Collected data
•••

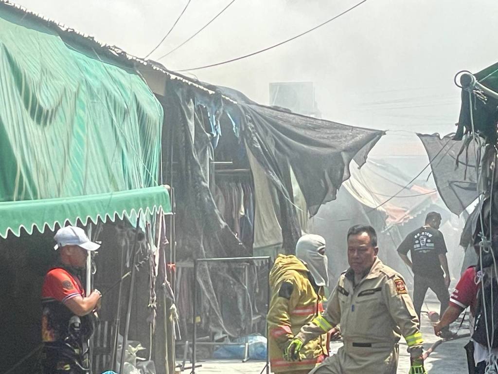 ខេត្តបន្ទាយមានជ័យ ៖ អគ្គិភ័យបានលេបត្របាក់តូបលក់ខោអាវទាហានអស់១តូប ដែលធ្វឱ្យតូបនៅជុំវិញភ័យស្លន់ស្លោ នាំគ្នាជញ្ជូនខោអាវចេញក្រៅ នៅថ្ងៃទី០១ ខែឧសភា ឆ្នាំ២០២៥ នៅផ្សាររុងក្លឿ ស្ថិតក្នុងភូមិប៉ារ៉ៃ ឃុំប៉ារ៉ៃ ស្រុកអារញ្ញ ខេត្តស្រះកែវ ។
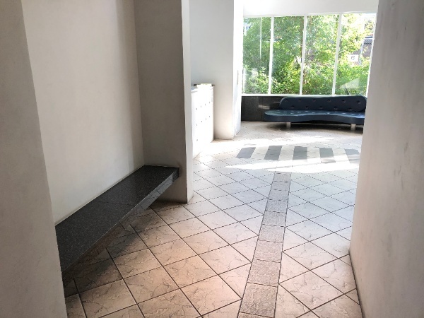 建物は11階建て。外壁は打ち放し調塗装をメインとした明るい色味ですっきりとした印象。またアプローチには、夜間の景観を配慮されたアッパーライト、ベンチが配置されたポケットパークも設けられています。エントランスは、二層になった吹き抜けと窓は一面ガラス張りになっており、広々と明るい空間を感じられます。TVモニター付きオートロック(キーレスエントリー)と宅配ボックスが設置されています。
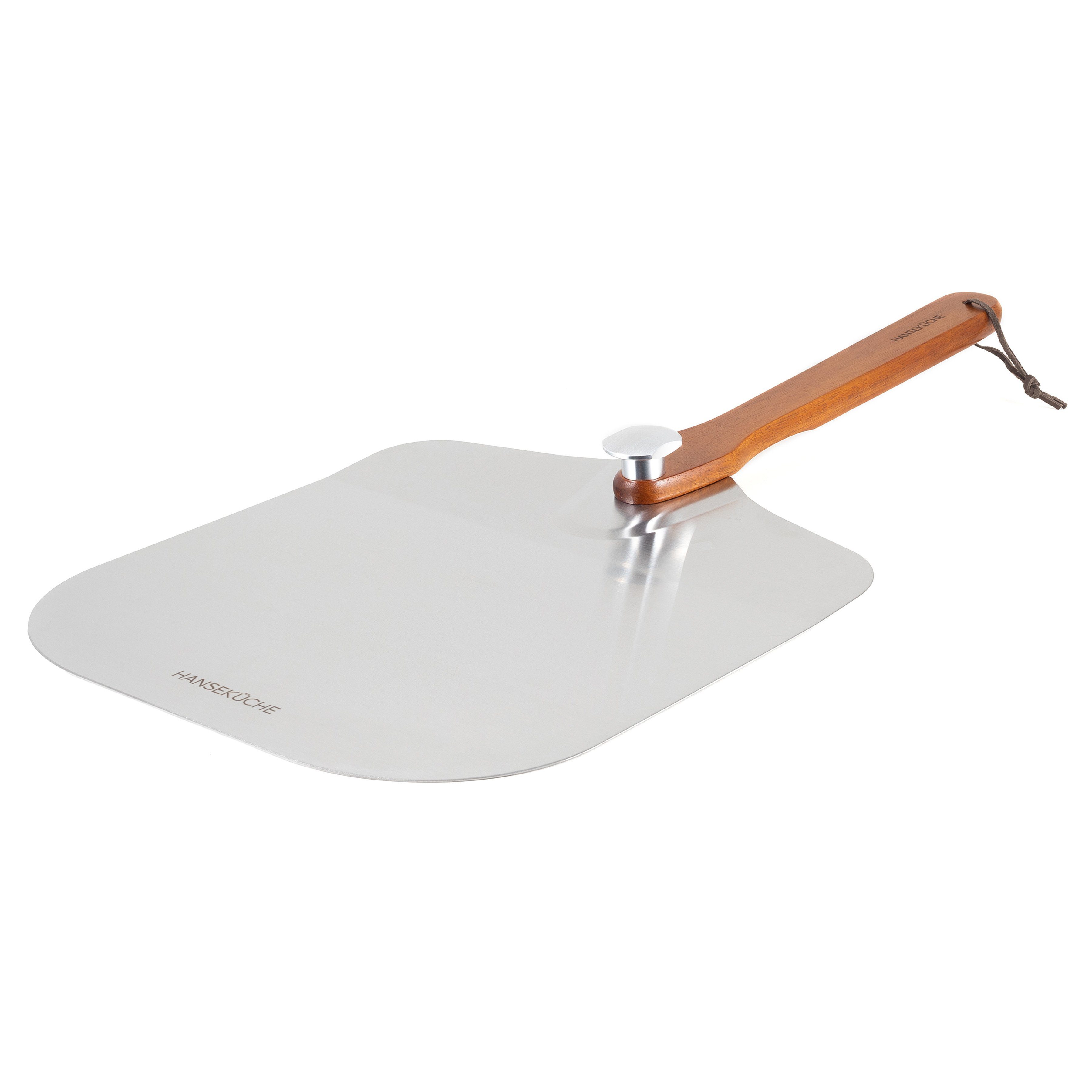 Robuster Edelstahl und ein Griff aus Akazienholz bzw. eloxiertes Aluminium gewährleisten eine lange Lebensdauer unserer Pizzaschaufel.
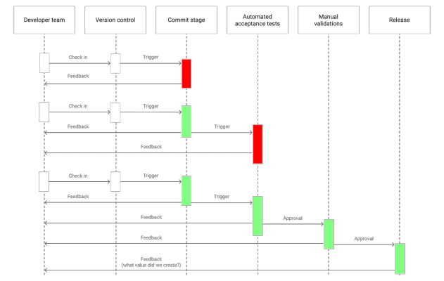 The following diagram shows an example of a simple linear deployment pipeline. In this example, green means no problems were found, and red means that one or more problems were discovered.
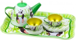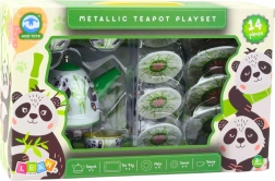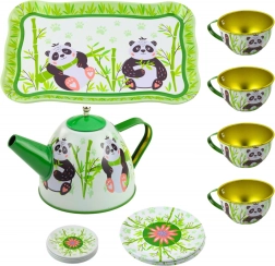 Le service à thé en métal pour enfants avec motif panda est idéal pour les petits amateurs de goûters à base de thé. L'emballage comprend une théière, quatre tasses, des sous-tasses et des assiettes. Chaque élément est décoré de joyeuses images de panda et de bambou aux couleurs vertes et blanches, offrant aux enfants une expérience de jeu amusante et colorée.
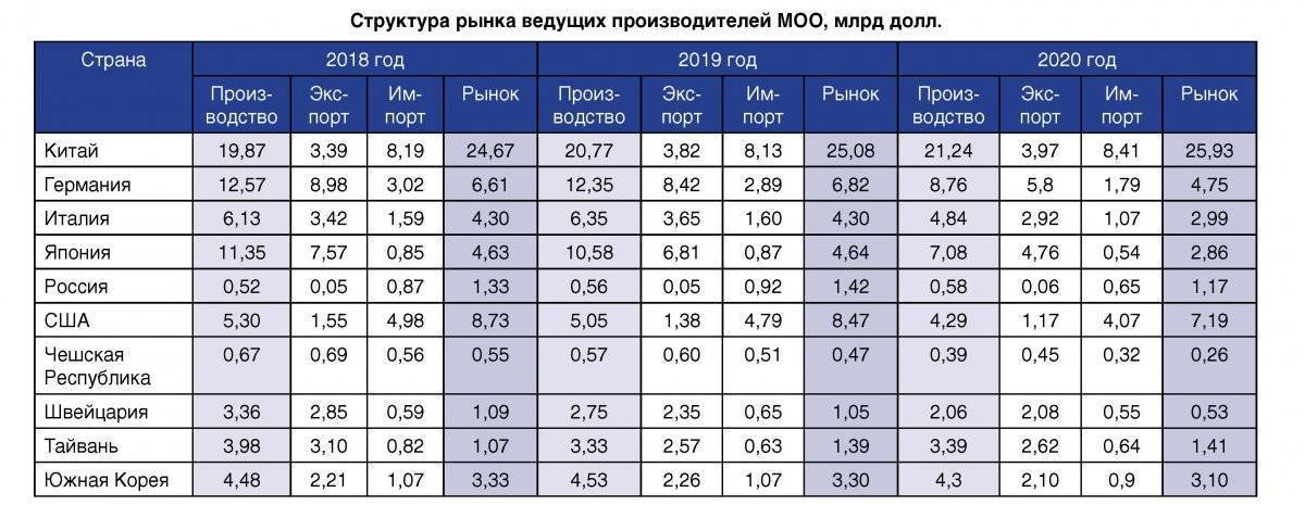 Станкостроение является одной из основных отраслей и драйвером экономики любой индустриальной страны. Ведущими странами в производстве и экспорте станков являются Китай, Германия, США. Их совокупная доля составляет более 60% от общего производства и экспорта оборудования в мире.
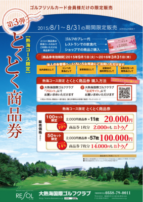 ゴルフ場やホテル、複合リゾート等の運営&運営受託から、企業や団体の福利厚生代行サービスまでを通してリゾートの再生・活性化を手掛けるリゾートソリューション株式会社(略称:リソル、東京都新宿区、多賀道正社長)の直営ゴルフ場のひとつ「大熱海国際ゴルフクラブ」(静岡県伊豆の国市)では、ゴルフのプレー代はもとより、レストランの食事代、ショップでの商品購入にも使える『とくとく商品券』(第3弾)を企画。ゴルフリソルカード会員様だけの限定で好評販売中です。
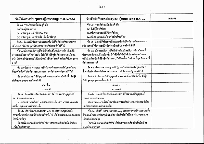 ตารางเปรียบเทียบ ข้อบังคับการประชุมสภาผู้แทนราษฎร พ.ศ. ๒๕๔๔ กับ ร่างข้อบังคับการประชุมสภาผู้แทนราษฎร พ.ศ. ....
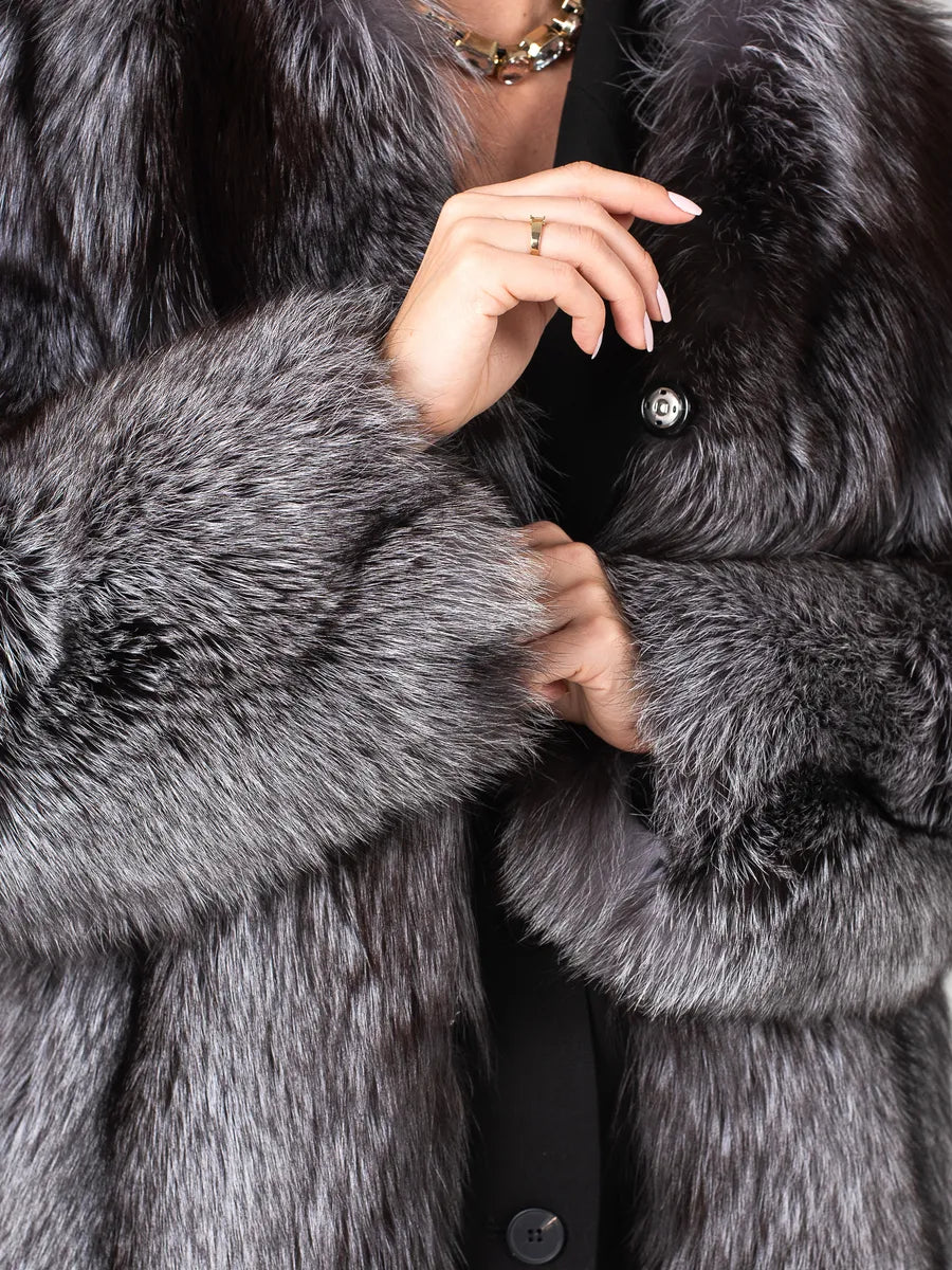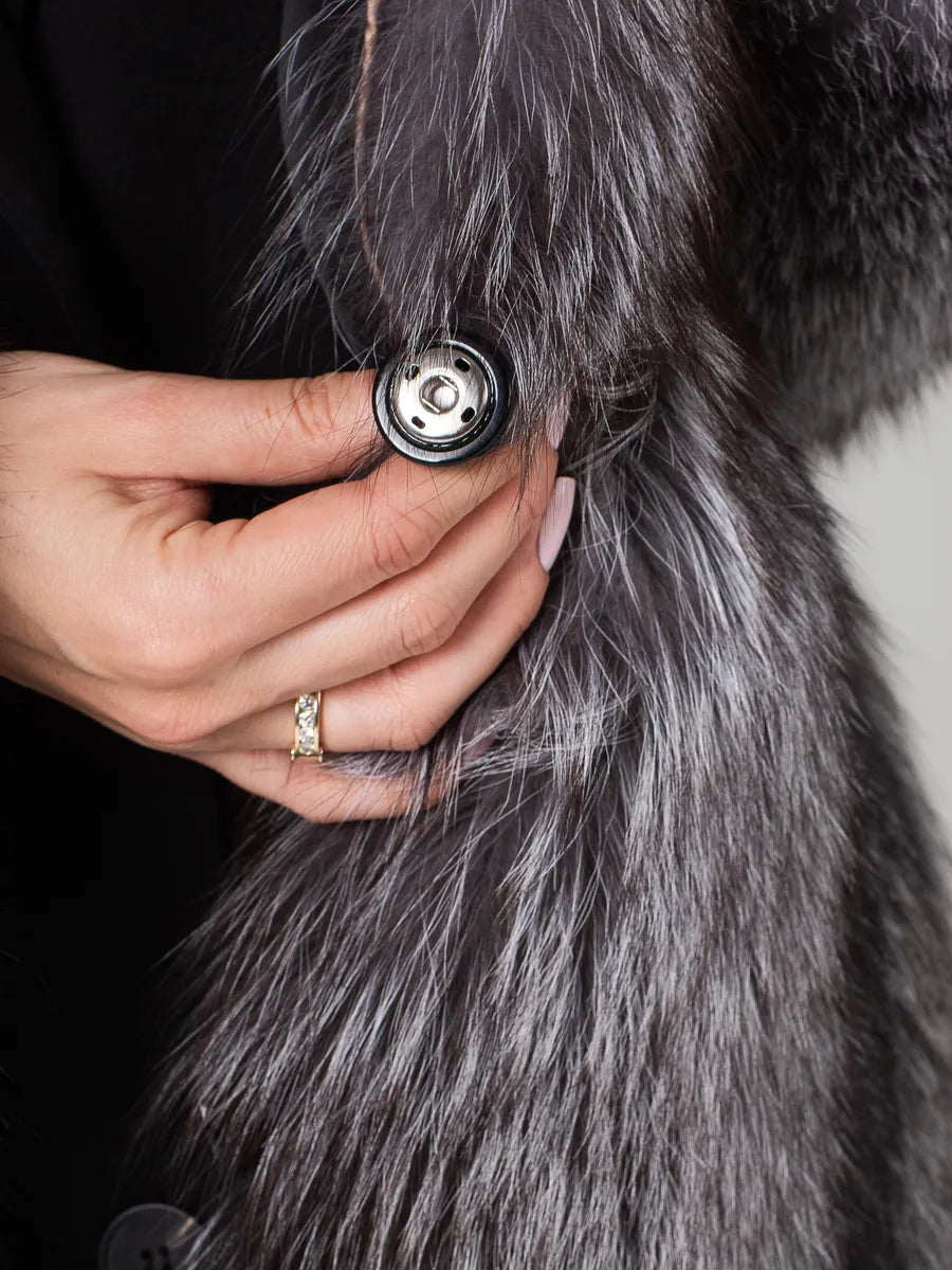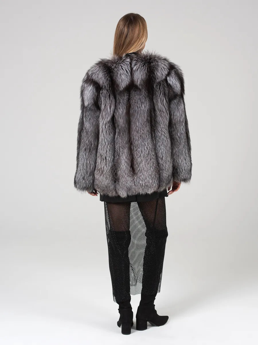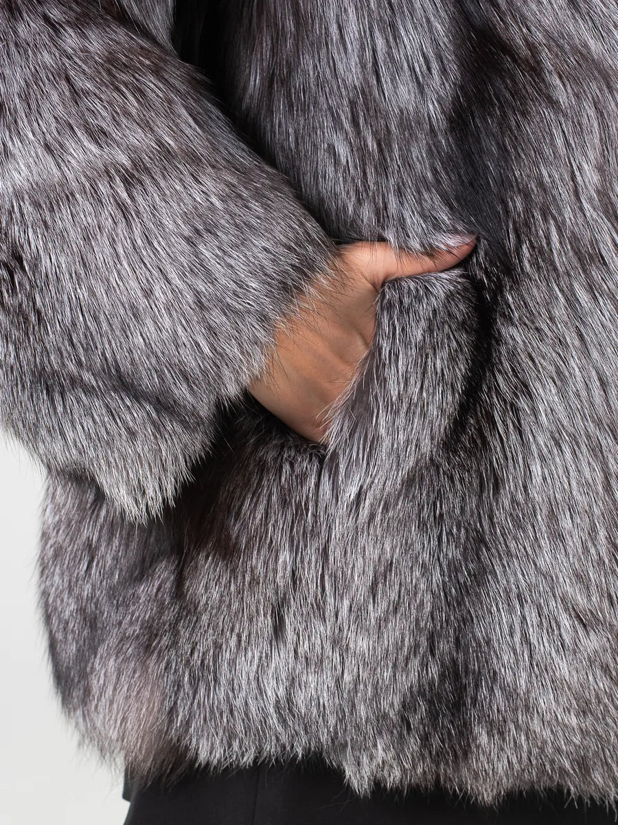 Irina – Haină scurtă din blană naturală de vulpe argintie cu guler în formă de V

•••

Assigned task: Excluding the pictures, write out exactly the lines from the line that contains "Станкостроение является одной" through the end of the records.

Output of the task:
 Станкостроение является одной из основных отраслей и драйвером экономики любой индустриальной страны. Ведущими странами в производстве и экспорте станков являются Китай, Германия, США. Их совокупная доля составляет более 60% от общего производства и экспорта оборудования в мире.
 ゴルフ場やホテル、複合リゾート等の運営&運営受託から、企業や団体の福利厚生代行サービスまでを通してリゾートの再生・活性化を手掛けるリゾートソリューション株式会社(略称:リソル、東京都新宿区、多賀道正社長)の直営ゴルフ場のひとつ「大熱海国際ゴルフクラブ」(静岡県伊豆の国市)では、ゴルフのプレー代はもとより、レストランの食事代、ショップでの商品購入にも使える『とくとく商品券』(第3弾)を企画。ゴルフリソルカード会員様だけの限定で好評販売中です。
 ตารางเปรียบเทียบ ข้อบังคับการประชุมสภาผู้แทนราษฎร พ.ศ. ๒๕๔๔ กับ ร่างข้อบังคับการประชุมสภาผู้แทนราษฎร พ.ศ. ....
 Irina – Haină scurtă din blană naturală de vulpe argintie cu guler în formă de V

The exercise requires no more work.